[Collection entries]
-- Opening Marker --
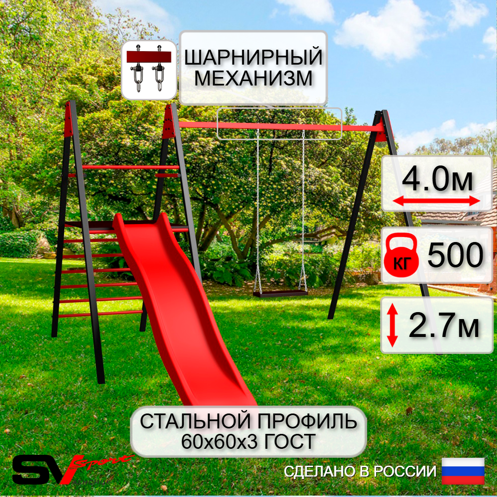 КОМПЛЕКТАЦИЯ: Каркас УК Sv Sport Maxi 4.0м, Качели деревянные на цепях Sv Sport, Комплект горка Sv Sport Махi к уличным качелям, Подвесы для качелей на втулке Sv Sport 1 компл.
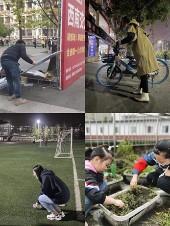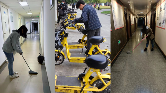 我为师生办实事,保护校园环境人人有责。针对校园停车点乱停乱放、校园卫生问题,支部不少同志主动担当起校园环境保护大使。支部任凌霄同志在中午学生集中回宿舍时段,将共享单车归置到停车点,进行重新摆放;支部王源绿同志见学院办公区走廊出现明显油渍,主动参与清洁;支部蒋文多同志考虑到疫情期间,宿管阿姨要职守楼道,事务繁多,就主动打扫楼道,为生活区营造良好环境。
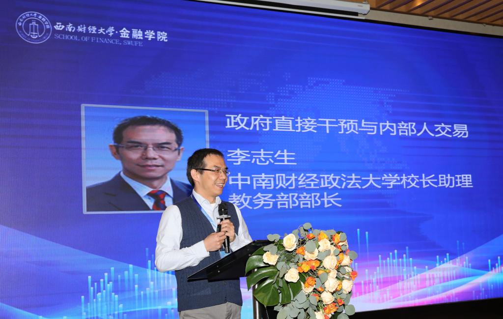 上午,西南财经大学金融学院院长赵静梅教授、金融学院副院长罗荣华教授分别主持了主题演讲的上半场和下半场。在上半场主题演讲中,天津大学管理与经济学部副部长熊熊教授以《多源信息交互对股票价格波动的影响》为题,阐述了新闻、公司公告和分析师报告对股票价格波动的异质性影响;中南财经政法大学校长助理、教务部部长李志生教授以《政府干预与内部人交易》为题,阐明政府救市、“国家队持股”对内部人交易的外部性影响。在下半场主题演讲中,中山大学高级金融研究院副院长、岭南学院金融系主任杨子晖教授以《系统性风险跨行业传染与“级联效应”》为题,从产业链结构视角阐述实体经济行业的风险传导关系;上海财经大学金融学院副院长朱小能教授以《Disaster Risk Matters Everywhere》为题目,阐释罕见风险对金融资产定价的影响;西南财经大学周铭山教授以《公司创新文本信息披露的价值:市场解读与识别》为题,层层剖析投资者低估创新活动文本信息价值的可能原因。
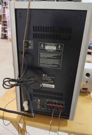 Sistema de sonido Home Cinema LG. - Altavoz central. - Dos altavoces satélite. - Subwoofer. - Dos altavoces frontales.
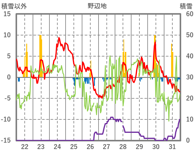 | 日 | 時 | 気温 | 降水 | 風向/風速 | 日照 | 積雪 | 降雪 |
-- Closing Marker --
> Required work
Every record, from top to bottom, gets written out exactly; no picture goes into the copy.

> Response for this exercise
 КОМПЛЕКТАЦИЯ: Каркас УК Sv Sport Maxi 4.0м, Качели деревянные на цепях Sv Sport, Комплект горка Sv Sport Махi к уличным качелям, Подвесы для качелей на втулке Sv Sport 1 компл.
 我为师生办实事,保护校园环境人人有责。针对校园停车点乱停乱放、校园卫生问题,支部不少同志主动担当起校园环境保护大使。支部任凌霄同志在中午学生集中回宿舍时段,将共享单车归置到停车点,进行重新摆放;支部王源绿同志见学院办公区走廊出现明显油渍,主动参与清洁;支部蒋文多同志考虑到疫情期间,宿管阿姨要职守楼道,事务繁多,就主动打扫楼道,为生活区营造良好环境。
 上午,西南财经大学金融学院院长赵静梅教授、金融学院副院长罗荣华教授分别主持了主题演讲的上半场和下半场。在上半场主题演讲中,天津大学管理与经济学部副部长熊熊教授以《多源信息交互对股票价格波动的影响》为题,阐述了新闻、公司公告和分析师报告对股票价格波动的异质性影响;中南财经政法大学校长助理、教务部部长李志生教授以《政府干预与内部人交易》为题,阐明政府救市、“国家队持股”对内部人交易的外部性影响。在下半场主题演讲中,中山大学高级金融研究院副院长、岭南学院金融系主任杨子晖教授以《系统性风险跨行业传染与“级联效应”》为题,从产业链结构视角阐述实体经济行业的风险传导关系;上海财经大学金融学院副院长朱小能教授以《Disaster Risk Matters Everywhere》为题目,阐释罕见风险对金融资产定价的影响;西南财经大学周铭山教授以《公司创新文本信息披露的价值:市场解读与识别》为题,层层剖析投资者低估创新活动文本信息价值的可能原因。
 Sistema de sonido Home Cinema LG. - Altavoz central. - Dos altavoces satélite. - Subwoofer. - Dos altavoces frontales.
 | 日 | 時 | 気温 | 降水 | 風向/風速 | 日照 | 積雪 | 降雪 |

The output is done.